One assay that can use a single blood specimen for diagnosis of dengue infection is the IgM antibody capture ELISA

or MAC-ELISA [58]. Dengue virus-specific IgM antibodies are typically detected by the MAC-ELISA by about the

sixth day of illness and persist for 30 to 90 days. If positive, this test can assist in rapid diagnosis of the patient with

dengue infection. However, the sensitivity and specificity of this assay is much lower than the HI assay. In one study

of Thai children with predominantly secondary dengue virus infections, only 29 percent of subjects had a positive

result in the MAC-ELISA by the time of defervescence [61]. Factors that reduce the sensitivity or specificity of the

MAC-ELISA include occasional blunting of the IgM antibody response in secondary dengue virus infections and the

potential for positive results to reflect recent rather than acute dengue virus infection.
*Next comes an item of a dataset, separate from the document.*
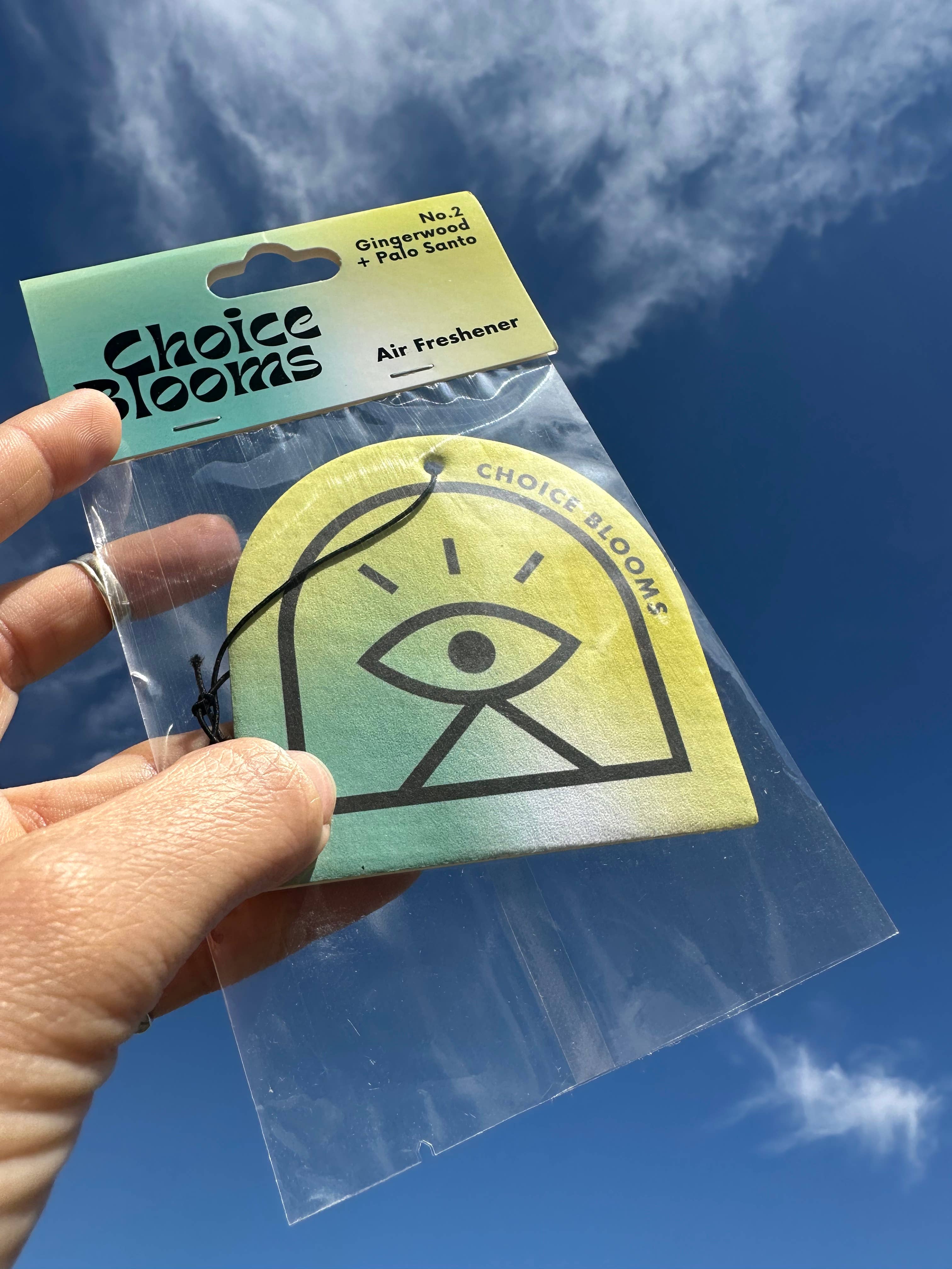 ir Freshener No. 2 Gingerwood & Palo Santo made with recycled paperboard + fine fragrance + essential oils. Non-toxic phthalate + paraben-free. Meant for hanging on the rearview mirror of your automobile, + are also suitable in other small spaces like bathrooms, closets,+ Each Car Fragrance lasts 2-3 weeks depending on use + conditions it is hanging in. Direct sunlight and high heat can make your freshener color fade + its scent strength + longevity span shorter. Avoid direct contact with textiles + surfaces. To store in small spaces, we suggest snipping off the top of the inside barrier bag while keeping the freshener inside to avoid direct contact with textiles + surfaces. The Smell: No. 2:Gingerwood + Palo Santo Top: Cassis Nectar, Pomegranate, Camphor Heart: Arabian Rose,Red Clay, Cedarwood Base: Palo Santo,Terra-cotta Amber,Musk.

The development of rapid diagnostic tests using immunochromatographic or immunoblot technologies has provided

a mechanism for bedside serological testing. However, in one report, diagnostic accuracy fell below the

manufacturer's claims; when eight of these available assays were tested in the field, only two had sensitivities of >50

percent and, of these, one assay also had low specificity [62].

A component of the antibody response is dengue virus serotype-specific; a substantial portion of the antibody

response has cross-reactivity with other dengue virus serotypes and even other flaviviruses. Cross-reactivity is more

problematic in secondary dengue virus infection and also in individuals who have been immunized with vaccines

against other flaviviruses such as Japanese encephalitis virus [63]. Although neutralizing antibody assays have

greater specificity than HI or ELISA assays, serologic assays cannot be relied on for identification of the infecting

dengue virus serotype [64]. (See "Pathogenesis of dengue virus infection" and "Yellow fever".)

Virus detection — Isolation of dengue virus or detection of dengue viral RNA or protein in an acute phase serum

or tissue specimen provides the most definitive confirmation of infection. However, the importance of specimen

timing and quality and the technical demands of these assays limits their clinical applications. As mentioned above,

when laboratory confirmation of illness is obtained, it is typically with serology.

In the United States, most diagnostic laboratory testing for dengue virus infection has been performed by the

Dengue Branch of the Centers for Disease Control and Prevention (CDC) [58]. Serum samples must be submitted

with appropriate clinical and epidemiologic information through state health department laboratories. A real-time

RT-PCR assay kit developed by the CDC was approved by the FDA in 2012 for diagnostic use in the United States

[65]. In both prospective and retrospective testing, the sensitivity and specificity of the test were ≥98 percent

compared with a reference method [66]. The CDC DENV-1-4 Real Time RT PCR Assay was designed to be

performed on equipment already in use in many clinical and public health laboratories in the United States, and it

should expand the availability of early diagnostic testing.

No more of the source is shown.